> [WORK REQUEST]:
The entries are to be reproduced word for word, with all images left out.

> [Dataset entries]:
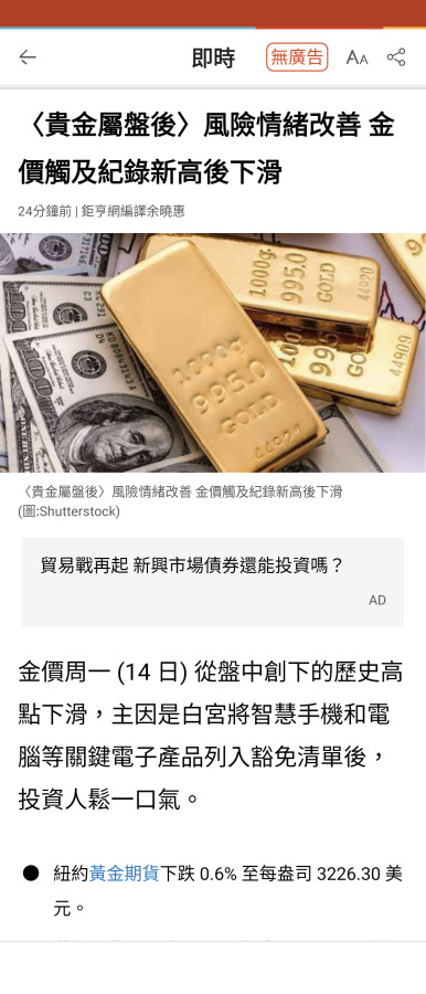 〈貴金屬盤後〉風險情緒改善 金價觸及紀錄新高後下滑
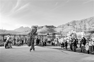 自除夕当天开始,每天下午四点,伴随着锣鼓音乐声,怀柔区渤海镇北沟村瓦厂酒店的舞狮和秧歌表演都会准时拉开序幕。表演者们身着彩衣盛装一路载歌载舞,与游客和村民们互动演出,一片欢声笑语。“今年过年想着换个方式,就带着家人来到瓦厂。这里有剪纸、写福字等丰富多彩的春节活动,还有舞狮和秧歌表演等,和这么多人一起过大年,感觉回到了小时候。”游客王女士说。
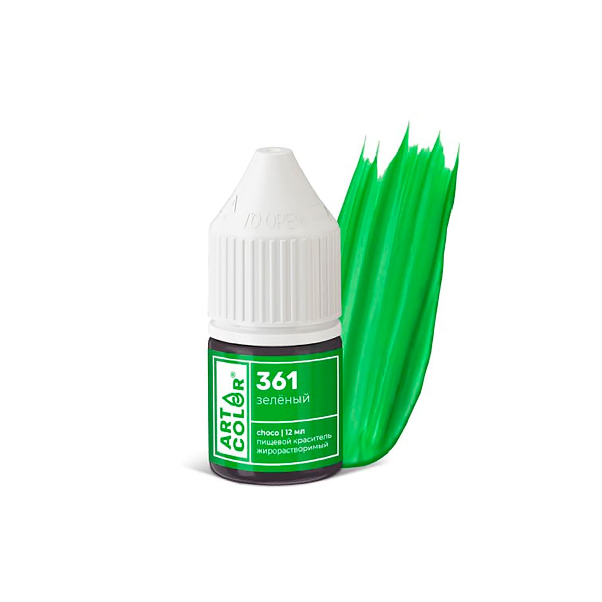Зеленый (Art Color Choco) — пищевой высококонцентрированный жирорастворимый гелевый краситель для кулинарных экспериментов. Удобный флакон 15 мл с мерным носиком и контролем первого вскрытия. Номер Pantone — 361C.
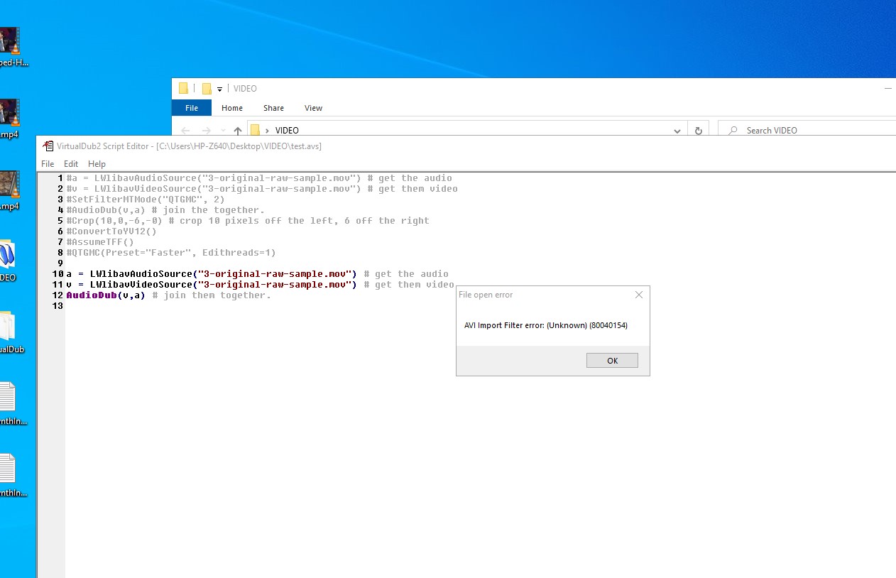 Open that in VirtualDub2. Verify you have video and sound.Code:a = LWlibavAudioSource("3-original-raw-sample.mov") # get the audio v = LWlibavVideoSource("3-original-raw-sample.mov") # get them video AudioDub(v,a) # join them together. -
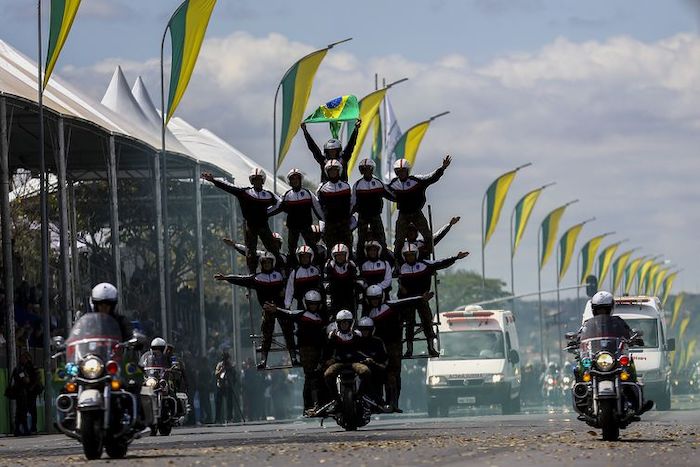 rasília – Atendendo as recomendações do Ministério da Saúde e a ordem expressa do presidente Jair Bolsonaro (sem partido), o tradicional desfile na Esplanada dos Ministérios alusivo ao Dia da Independência nesta segunda-feira, (7), está ocorrendo num novo formato em razão da pandemia de covid-19, informou em nota o Ministério da Defesa. No lugar dele, um evento menor na manhã desta segunda-feira (7) tomará lugar na residência oficial do presidente Jair Bolsonaro, no Palácio da Alvorada. Haverá hasteamento da bandeira no Pavilhão Nacional do Palácio às 10h e apresentação da Esquadrilha da Fumaça por cerca de 10 minutos.
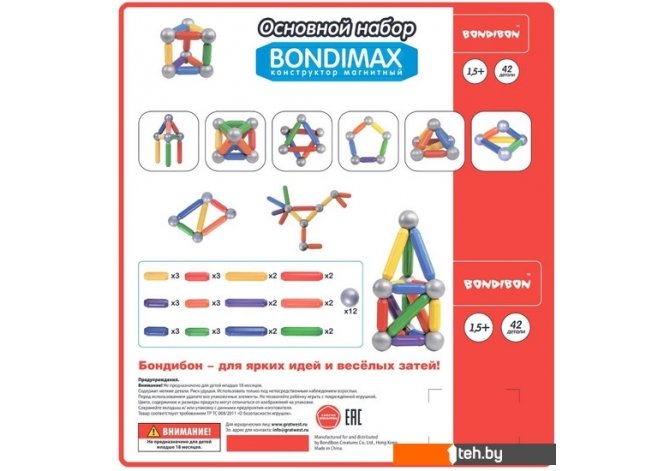 | Информация | ? Соберите объемные фигуры из крупных, легких, разноцветных деталей с помощью магнитного конструктора Bondimax! ? Фантазируйте и создавайте геометрические фигуры, фигурки животных и многое другое с помощью этого конструктора. ? Палочки притягиваются друг к другу и отталкиваются, демонстрируя принцип действия магнитов. ? Конструктор поможет выучить основные цвета, разовьет интерес к конструированию, моделированию, мелкую моторику и пространственное мышление. ? Детали набора можно мыть и дезинфицировать. ?? В основном наборе 42 детали, включая 12 длинных и 18 коротких элементов основных цветов, а также 12 шариков. |
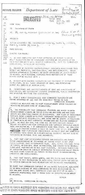 ÚÓïáý÷´Â °ø»êÁÖÀÇÀÚÀÇ ±æÀ» û»êÇßÁö¸¸ °ø»êÁÖÀÇÀÚ¿´´Ù´Â °æÇèÀº ´ëÅë·ÉÀÌ µÈ µÚ ±×ÀÇ Á¤Ã¥À̳ª Çൿ¿¡ ÀûÁö ¾ÊÀº ÀÚÃ븦 ³²°å´Ù. ÚÓïáý÷¼ÒÀåÀÌ 5¡¤16Äíµ¥Å¸¸¦ ¼­µÑ°Ô µÈ ÇÑ ¿øÀεµ ¹Ì±ºÀÌ ÚÓ¼ÒÀåÀÇ »ç»óÀ» ÀǽÉÇÏ¿© ±×¸¦ ±º¿¡¼­ ³»¸ô·Á°í Ç߱⠶§¹®À̾ú´Ù. 1963³âÀÇ ´ëÅë·É ¼±°Å¿¡¼­ ºÒºÙ¿´´ø »ç»ó³íÀïÀº ÚÓïáý÷Èĺ¸ ÂÊ¿¡¼­ À±º¸¼±(ëÅÜÉà¼)È常¦ ¿ë°øÁ¶ÀÛÀ¸·Î ºñ³­ÇÏ´Â ½ÄÀ¸·Î ÁøÇàµÇ¾ú¾ú´Ù. ±×¶§ °øÈ­´ç¿¡¼­´Â Àü±¹ÀÇ ±º´ÜÀ§¸¶´Ù ¼öõ¸í¾¿ÀÇ »ç»óÀü·Â(îñÕö)¿¡ ÀÇÇÑ ÇÇÇØÀÚ¿Í ±× ģôÀÌ ÀÖ´Â °ÍÀ¸·Î ÆÄ¾Ç, À̵éÀÇ Ç¥¸¦ ÀǽÄÇß¾ú´Ù°í ÇÑ´Ù. ÀÌ·± ºÐ¼®¿¡ ±Ù°ÅÇØ¼­ÀÎÁö ÚÓÈ帴 »ç»ó³íÀïÀÌ ½Å¹®¿¡ Å©°Ô ³ªµµ·Ï À¯µµÇ϶ó´Â Áö½Ã¸¦ ³»·È´Ù´Â °ÍÀÌ´Ù. ±×·¯³ª ÚÓ´ëÅë·ÉÀº ÀÚ½ÅÀÌ °ø»êÁÖÀÇ¿Í ¹«°üÇÔÀ» ÀÔÁõÇÏ·Á´Â ³ë·ÂÀ» Çϱ⵵ ÇÏ¿´´Ù.
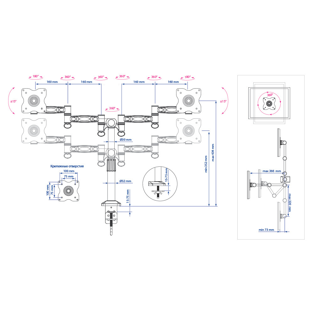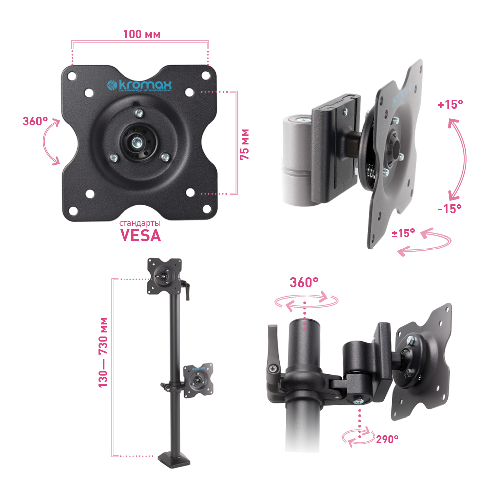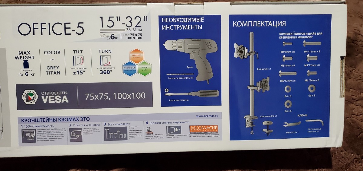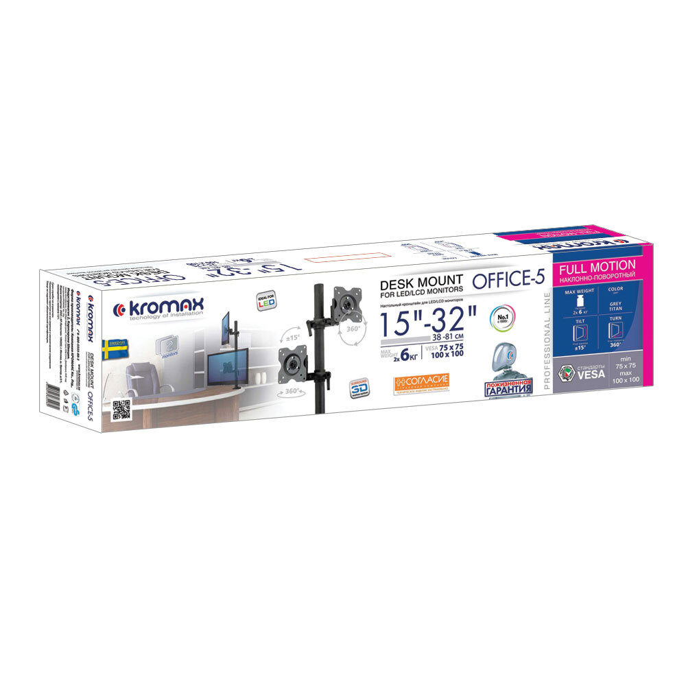 Кронштейн для монитора Kromax OFFICE-5, 15"-32" до 2х6 кг
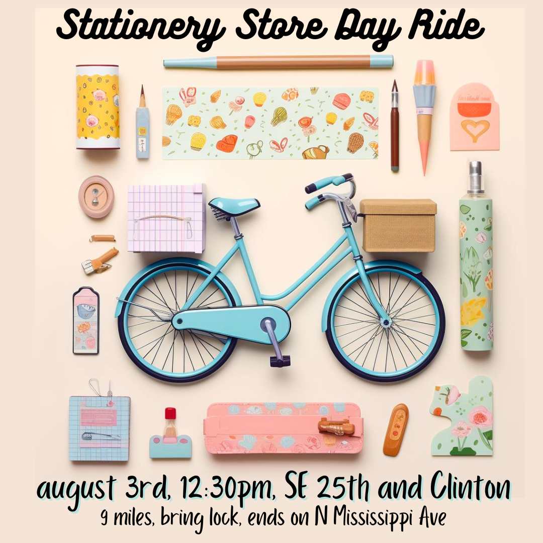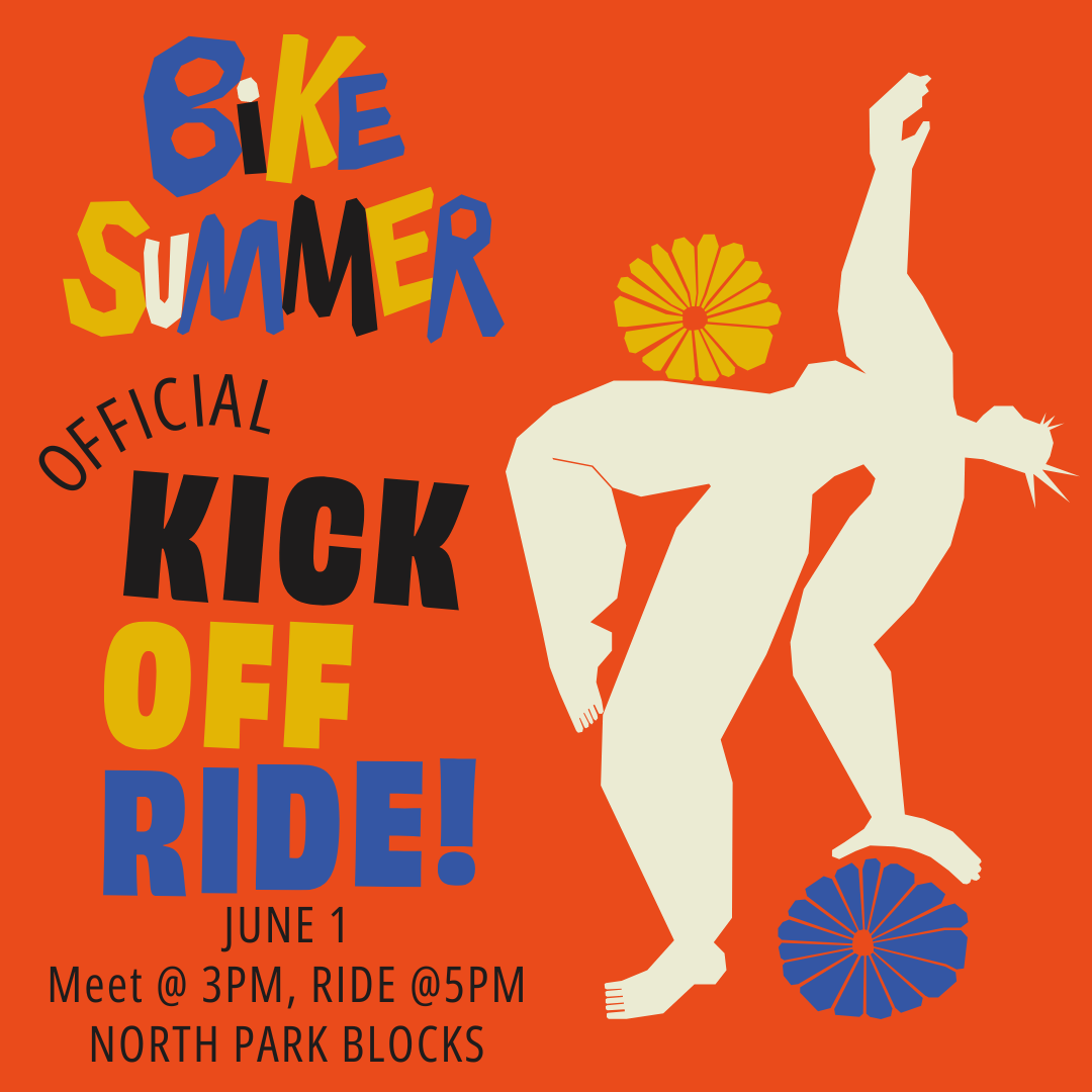 Ride with friends to the Kickoff Ride, all the way to NW Portland! Let's meet at 2:45+, ride at 3:30 to give folks time to do merch pickup if they need to. The ride is no-one left behind, and should take around 30 minutes +/-.

> [YOUR RESPONSE]:
 〈貴金屬盤後〉風險情緒改善 金價觸及紀錄新高後下滑
 自除夕当天开始,每天下午四点,伴随着锣鼓音乐声,怀柔区渤海镇北沟村瓦厂酒店的舞狮和秧歌表演都会准时拉开序幕。表演者们身着彩衣盛装一路载歌载舞,与游客和村民们互动演出,一片欢声笑语。“今年过年想着换个方式,就带着家人来到瓦厂。这里有剪纸、写福字等丰富多彩的春节活动,还有舞狮和秧歌表演等,和这么多人一起过大年,感觉回到了小时候。”游客王女士说。
Зеленый (Art Color Choco) — пищевой высококонцентрированный жирорастворимый гелевый краситель для кулинарных экспериментов. Удобный флакон 15 мл с мерным носиком и контролем первого вскрытия. Номер Pantone — 361C.
 Open that in VirtualDub2. Verify you have video and sound.Code:a = LWlibavAudioSource("3-original-raw-sample.mov") # get the audio v = LWlibavVideoSource("3-original-raw-sample.mov") # get them video AudioDub(v,a) # join them together. -
 rasília – Atendendo as recomendações do Ministério da Saúde e a ordem expressa do presidente Jair Bolsonaro (sem partido), o tradicional desfile na Esplanada dos Ministérios alusivo ao Dia da Independência nesta segunda-feira, (7), está ocorrendo num novo formato em razão da pandemia de covid-19, informou em nota o Ministério da Defesa. No lugar dele, um evento menor na manhã desta segunda-feira (7) tomará lugar na residência oficial do presidente Jair Bolsonaro, no Palácio da Alvorada. Haverá hasteamento da bandeira no Pavilhão Nacional do Palácio às 10h e apresentação da Esquadrilha da Fumaça por cerca de 10 minutos.
 | Информация | ? Соберите объемные фигуры из крупных, легких, разноцветных деталей с помощью магнитного конструктора Bondimax! ? Фантазируйте и создавайте геометрические фигуры, фигурки животных и многое другое с помощью этого конструктора. ? Палочки притягиваются друг к другу и отталкиваются, демонстрируя принцип действия магнитов. ? Конструктор поможет выучить основные цвета, разовьет интерес к конструированию, моделированию, мелкую моторику и пространственное мышление. ? Детали набора можно мыть и дезинфицировать. ?? В основном наборе 42 детали, включая 12 длинных и 18 коротких элементов основных цветов, а также 12 шариков. |
 ÚÓïáý÷´Â °ø»êÁÖÀÇÀÚÀÇ ±æÀ» û»êÇßÁö¸¸ °ø»êÁÖÀÇÀÚ¿´´Ù´Â °æÇèÀº ´ëÅë·ÉÀÌ µÈ µÚ ±×ÀÇ Á¤Ã¥À̳ª Çൿ¿¡ ÀûÁö ¾ÊÀº ÀÚÃ븦 ³²°å´Ù. ÚÓïáý÷¼ÒÀåÀÌ 5¡¤16Äíµ¥Å¸¸¦ ¼­µÑ°Ô µÈ ÇÑ ¿øÀεµ ¹Ì±ºÀÌ ÚÓ¼ÒÀåÀÇ »ç»óÀ» ÀǽÉÇÏ¿© ±×¸¦ ±º¿¡¼­ ³»¸ô·Á°í Ç߱⠶§¹®À̾ú´Ù. 1963³âÀÇ ´ëÅë·É ¼±°Å¿¡¼­ ºÒºÙ¿´´ø »ç»ó³íÀïÀº ÚÓïáý÷Èĺ¸ ÂÊ¿¡¼­ À±º¸¼±(ëÅÜÉà¼)È常¦ ¿ë°øÁ¶ÀÛÀ¸·Î ºñ³­ÇÏ´Â ½ÄÀ¸·Î ÁøÇàµÇ¾ú¾ú´Ù. ±×¶§ °øÈ­´ç¿¡¼­´Â Àü±¹ÀÇ ±º´ÜÀ§¸¶´Ù ¼öõ¸í¾¿ÀÇ »ç»óÀü·Â(îñÕö)¿¡ ÀÇÇÑ ÇÇÇØÀÚ¿Í ±× ģôÀÌ ÀÖ´Â °ÍÀ¸·Î ÆÄ¾Ç, À̵éÀÇ Ç¥¸¦ ÀǽÄÇß¾ú´Ù°í ÇÑ´Ù. ÀÌ·± ºÐ¼®¿¡ ±Ù°ÅÇØ¼­ÀÎÁö ÚÓÈ帴 »ç»ó³íÀïÀÌ ½Å¹®¿¡ Å©°Ô ³ªµµ·Ï À¯µµÇ϶ó´Â Áö½Ã¸¦ ³»·È´Ù´Â °ÍÀÌ´Ù. ±×·¯³ª ÚÓ´ëÅë·ÉÀº ÀÚ½ÅÀÌ °ø»êÁÖÀÇ¿Í ¹«°üÇÔÀ» ÀÔÁõÇÏ·Á´Â ³ë·ÂÀ» Çϱ⵵ ÇÏ¿´´Ù.
 Кронштейн для монитора Kromax OFFICE-5, 15"-32" до 2х6 кг
 Ride with friends to the Kickoff Ride, all the way to NW Portland! Let's meet at 2:45+, ride at 3:30 to give folks time to do merch pickup if they need to. The ride is no-one left behind, and should take around 30 minutes +/-.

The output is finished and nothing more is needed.